- What the task requires -
Say how many of the lines below hold "Pedro", writing the number and nothing more.

- Provided entries -
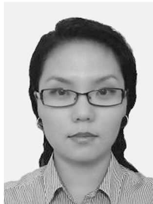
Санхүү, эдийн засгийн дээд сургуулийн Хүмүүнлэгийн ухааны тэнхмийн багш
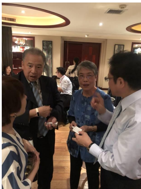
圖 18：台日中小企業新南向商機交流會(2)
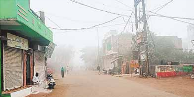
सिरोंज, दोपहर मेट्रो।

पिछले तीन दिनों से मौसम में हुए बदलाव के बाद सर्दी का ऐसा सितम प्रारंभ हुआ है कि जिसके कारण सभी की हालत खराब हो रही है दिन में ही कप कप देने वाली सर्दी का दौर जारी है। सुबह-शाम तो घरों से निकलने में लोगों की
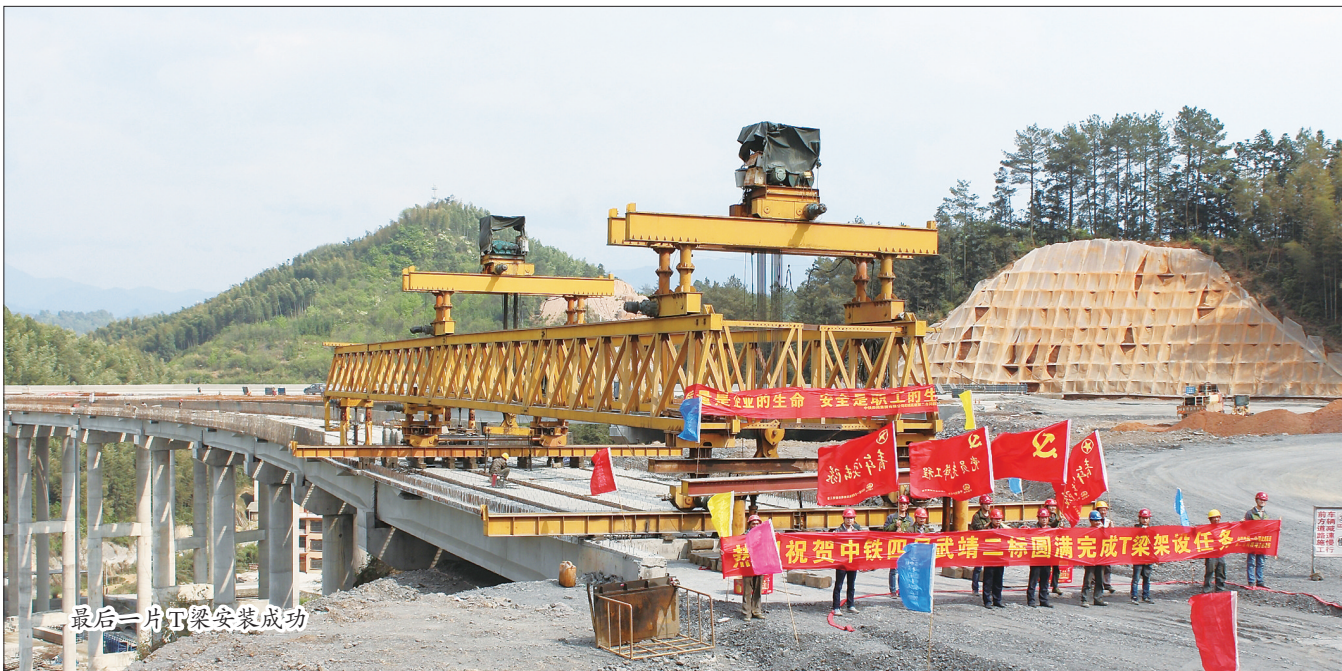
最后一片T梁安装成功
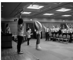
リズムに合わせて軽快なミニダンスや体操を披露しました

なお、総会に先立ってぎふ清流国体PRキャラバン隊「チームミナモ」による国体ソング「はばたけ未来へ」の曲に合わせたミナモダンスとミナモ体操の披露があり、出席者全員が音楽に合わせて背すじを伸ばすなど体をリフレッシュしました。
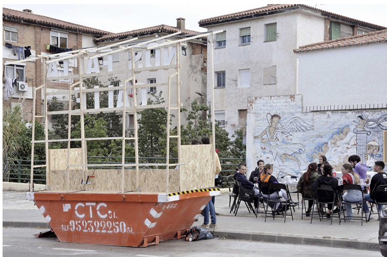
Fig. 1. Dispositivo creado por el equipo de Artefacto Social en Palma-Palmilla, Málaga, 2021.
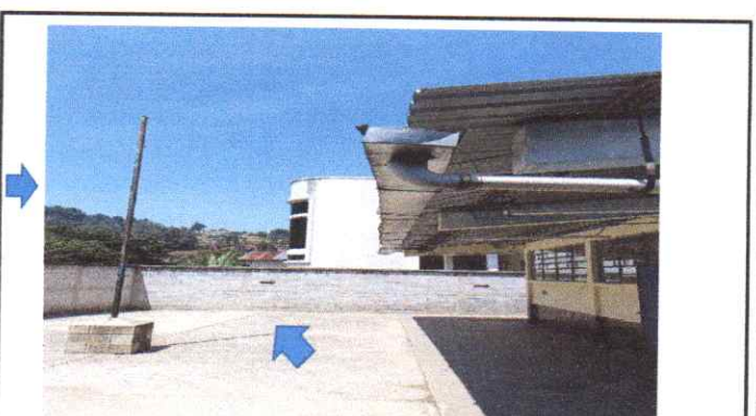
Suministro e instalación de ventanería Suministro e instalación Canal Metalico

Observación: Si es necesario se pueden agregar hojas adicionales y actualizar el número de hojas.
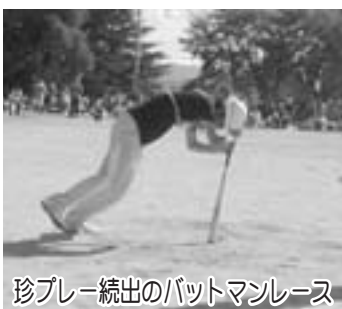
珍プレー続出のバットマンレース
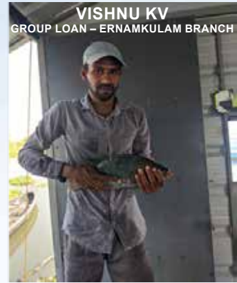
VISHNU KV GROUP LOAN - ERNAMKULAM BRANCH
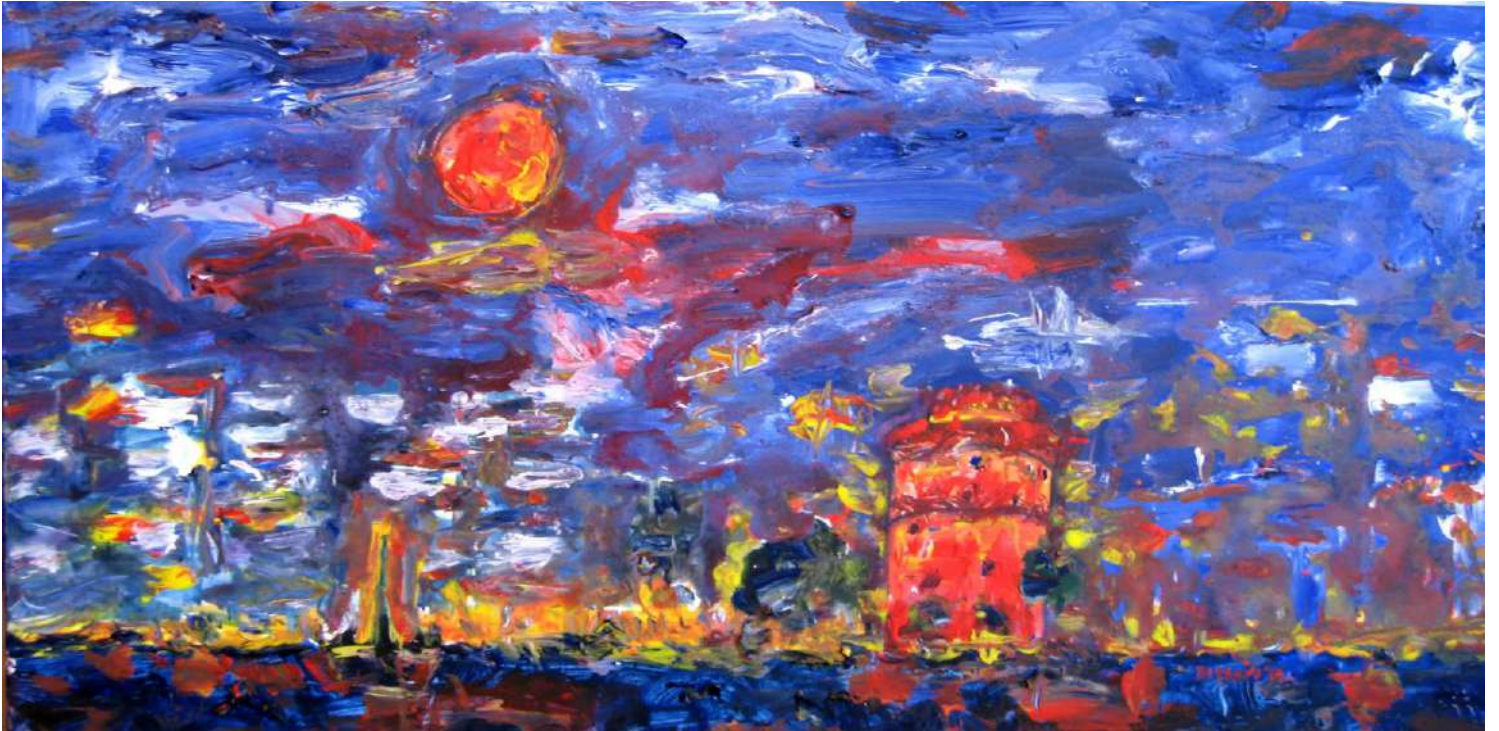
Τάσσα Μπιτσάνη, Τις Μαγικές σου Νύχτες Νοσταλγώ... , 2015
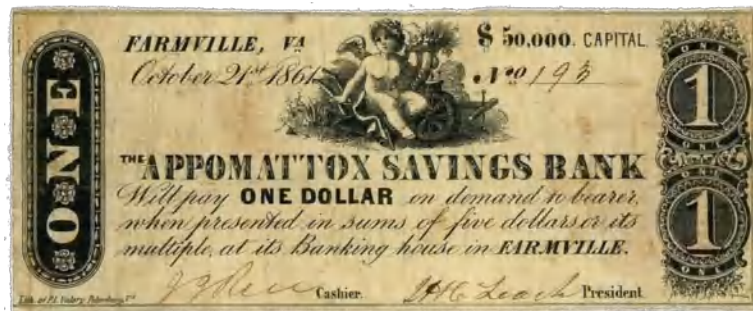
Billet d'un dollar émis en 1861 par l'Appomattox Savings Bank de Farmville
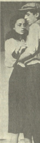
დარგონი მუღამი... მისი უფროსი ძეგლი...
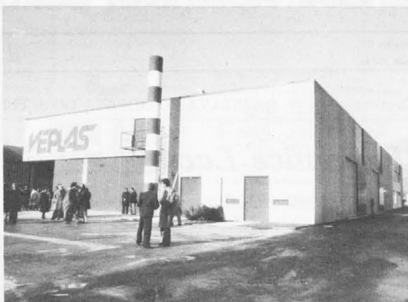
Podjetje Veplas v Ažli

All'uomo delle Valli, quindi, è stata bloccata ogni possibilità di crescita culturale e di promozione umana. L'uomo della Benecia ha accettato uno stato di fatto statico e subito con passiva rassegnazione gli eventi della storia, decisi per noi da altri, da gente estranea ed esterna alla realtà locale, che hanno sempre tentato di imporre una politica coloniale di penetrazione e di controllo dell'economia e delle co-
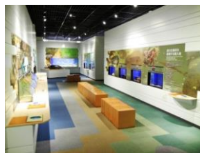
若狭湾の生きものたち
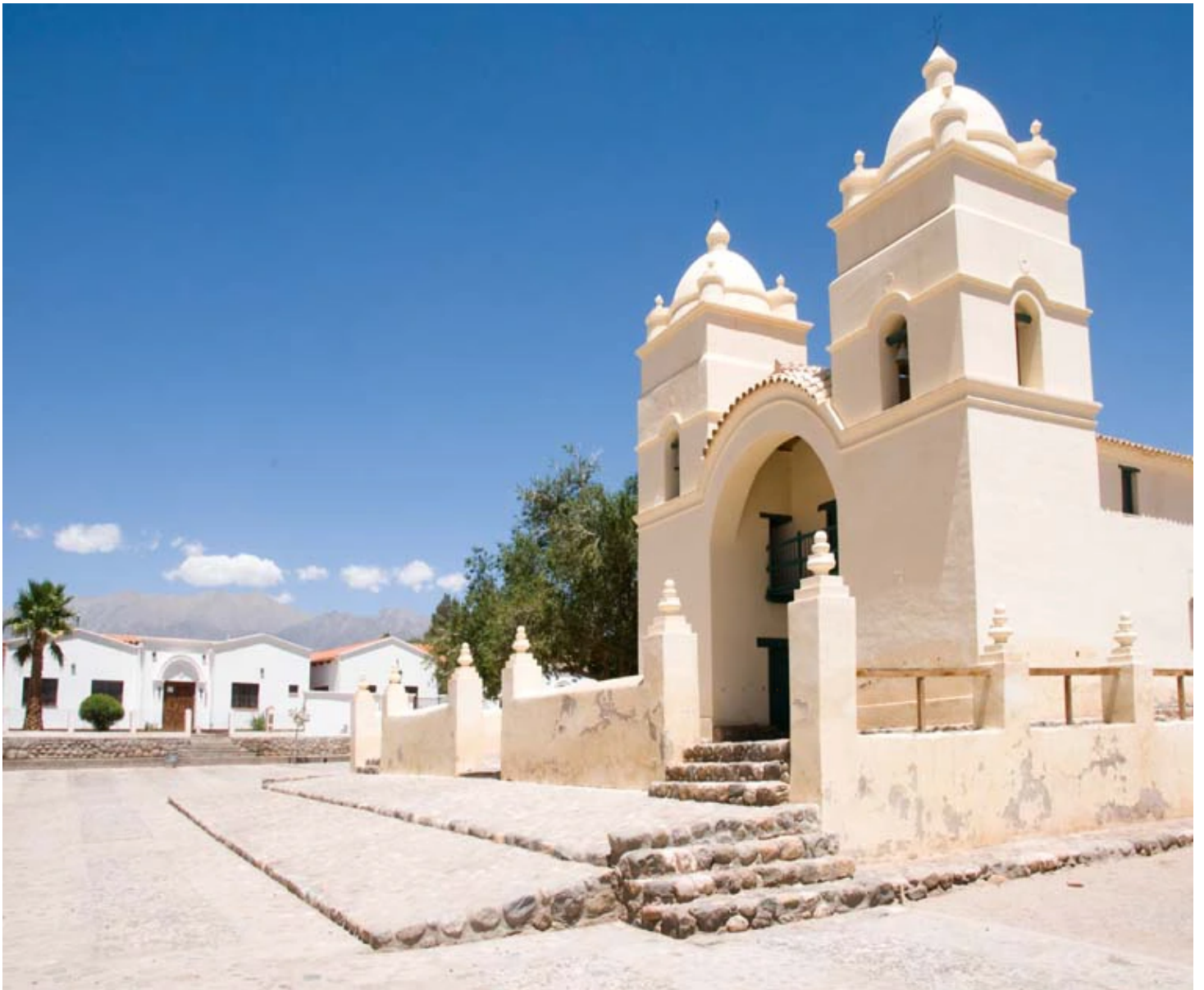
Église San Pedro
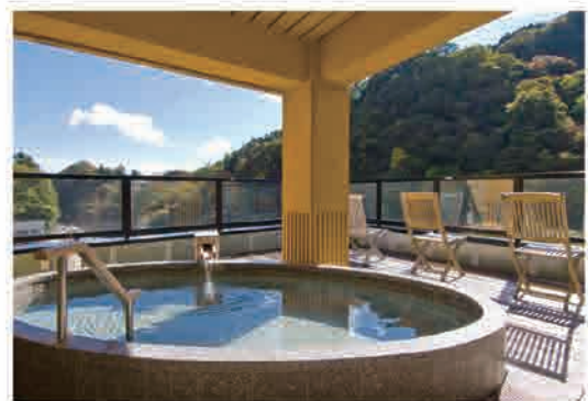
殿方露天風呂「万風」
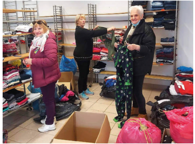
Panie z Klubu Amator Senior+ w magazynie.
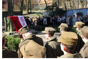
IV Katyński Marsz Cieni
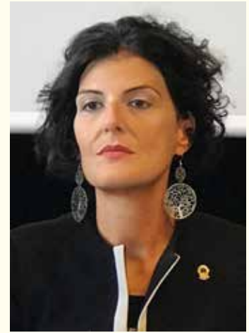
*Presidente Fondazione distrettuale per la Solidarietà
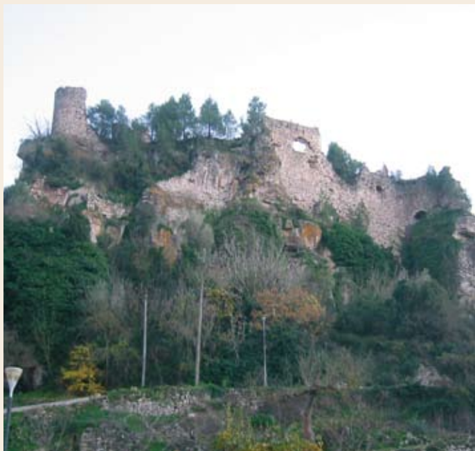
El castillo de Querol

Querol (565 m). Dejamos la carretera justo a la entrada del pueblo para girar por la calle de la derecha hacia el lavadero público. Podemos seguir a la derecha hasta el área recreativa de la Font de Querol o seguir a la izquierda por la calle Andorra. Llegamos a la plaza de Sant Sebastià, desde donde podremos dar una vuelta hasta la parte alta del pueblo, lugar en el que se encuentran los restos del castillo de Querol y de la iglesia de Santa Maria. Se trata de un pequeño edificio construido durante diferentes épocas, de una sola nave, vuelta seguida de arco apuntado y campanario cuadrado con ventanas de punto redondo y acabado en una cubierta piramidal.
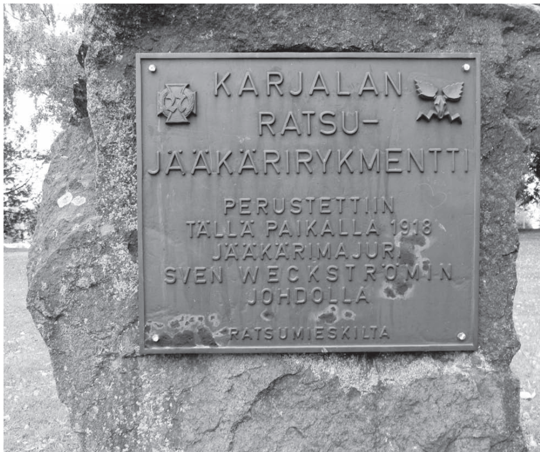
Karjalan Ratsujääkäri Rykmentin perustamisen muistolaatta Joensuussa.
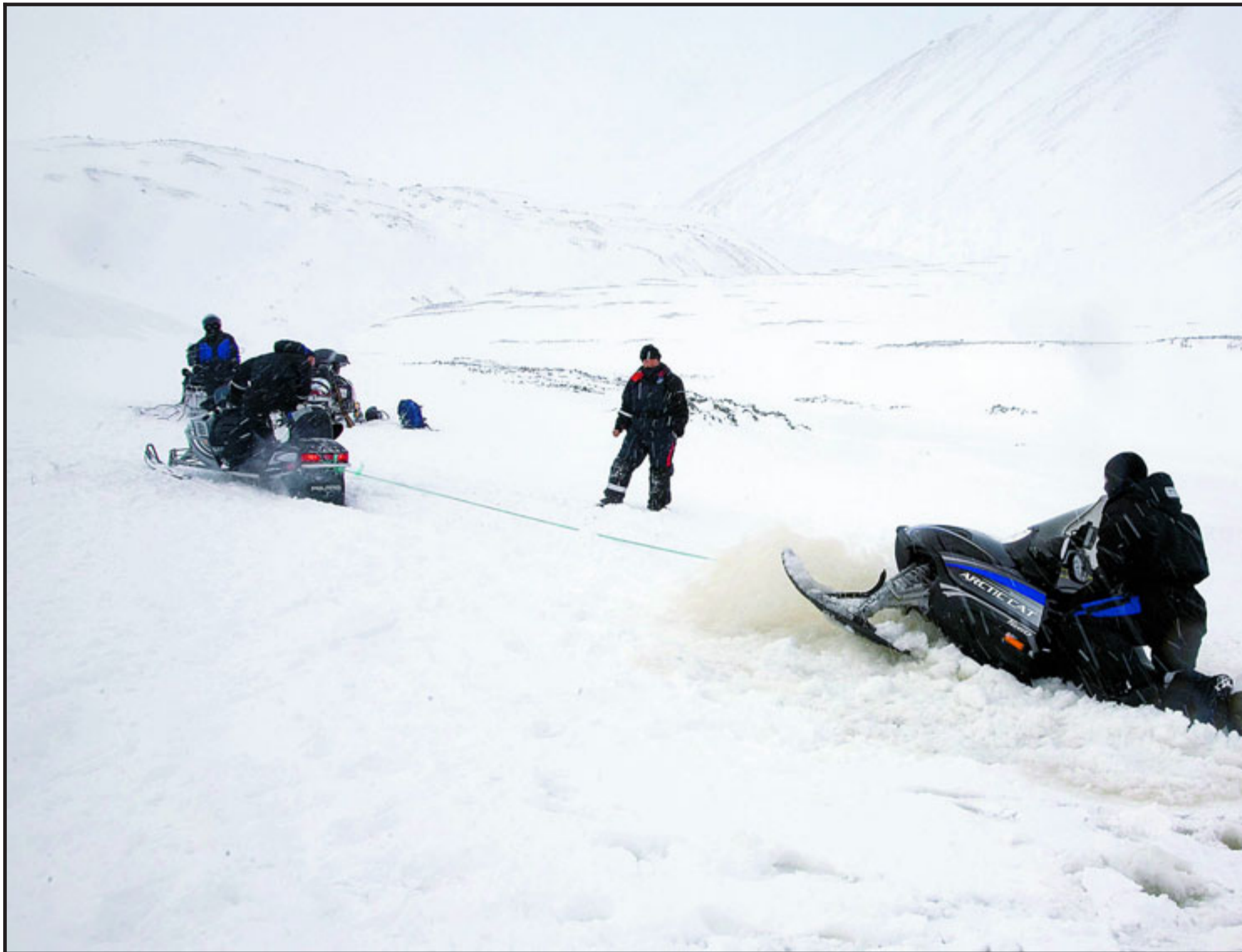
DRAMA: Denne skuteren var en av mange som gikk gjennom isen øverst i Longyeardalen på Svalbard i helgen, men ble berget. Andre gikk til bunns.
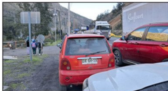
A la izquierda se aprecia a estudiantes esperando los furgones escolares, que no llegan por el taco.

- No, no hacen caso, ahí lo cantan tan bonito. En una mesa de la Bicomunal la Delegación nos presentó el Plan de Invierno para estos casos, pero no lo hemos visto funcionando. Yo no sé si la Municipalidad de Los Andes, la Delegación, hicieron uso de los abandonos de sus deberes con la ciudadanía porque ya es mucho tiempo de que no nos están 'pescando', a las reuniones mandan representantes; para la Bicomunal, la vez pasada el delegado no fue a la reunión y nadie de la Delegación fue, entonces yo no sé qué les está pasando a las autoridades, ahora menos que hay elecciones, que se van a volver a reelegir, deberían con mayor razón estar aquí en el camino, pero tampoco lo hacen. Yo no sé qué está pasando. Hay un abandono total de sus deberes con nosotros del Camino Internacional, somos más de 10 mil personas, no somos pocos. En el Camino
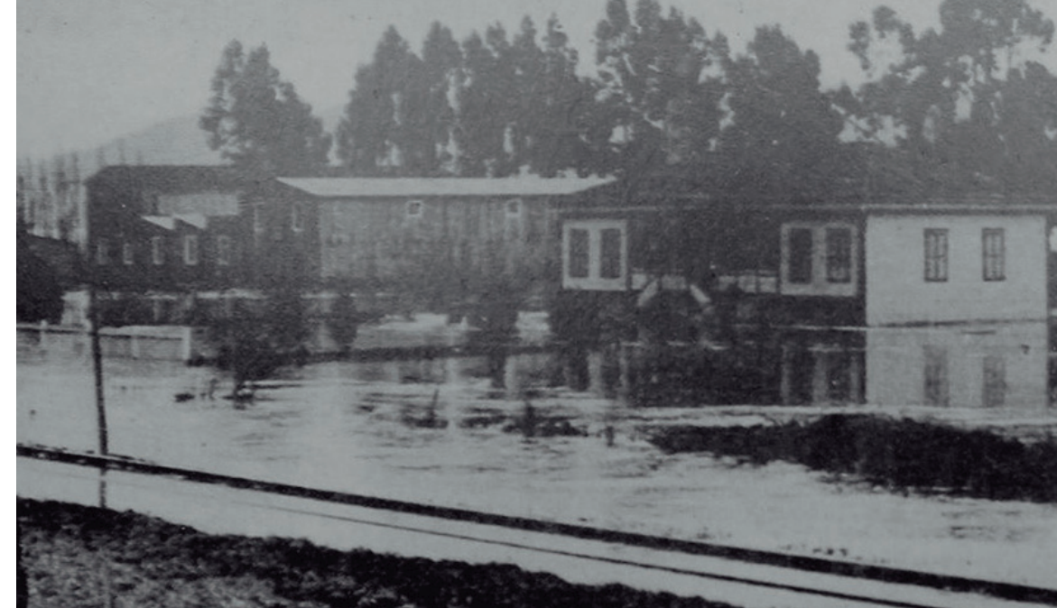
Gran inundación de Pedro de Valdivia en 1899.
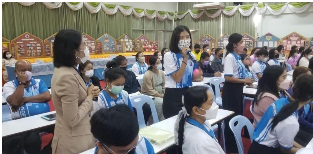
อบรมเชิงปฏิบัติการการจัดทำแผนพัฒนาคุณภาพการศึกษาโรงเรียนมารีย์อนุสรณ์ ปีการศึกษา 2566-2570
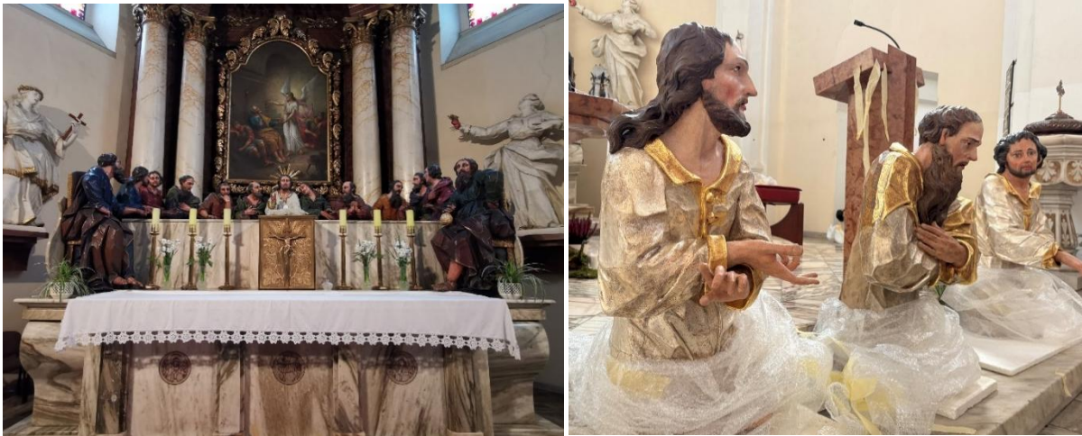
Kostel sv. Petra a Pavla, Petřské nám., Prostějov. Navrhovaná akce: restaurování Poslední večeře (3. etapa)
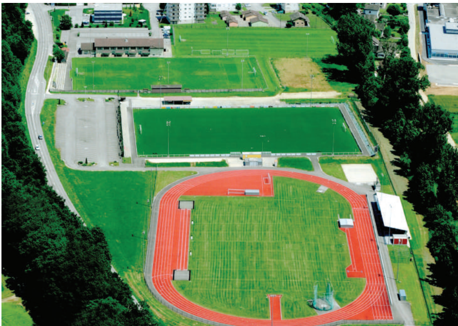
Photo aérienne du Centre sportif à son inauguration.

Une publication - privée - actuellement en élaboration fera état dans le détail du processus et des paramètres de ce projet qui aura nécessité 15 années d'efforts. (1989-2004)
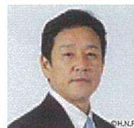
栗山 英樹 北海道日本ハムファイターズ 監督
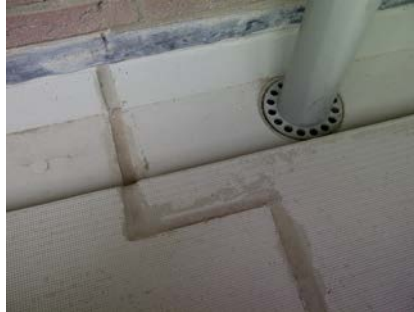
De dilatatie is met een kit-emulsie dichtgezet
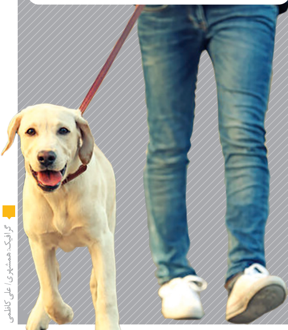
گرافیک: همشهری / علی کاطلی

- Result -
2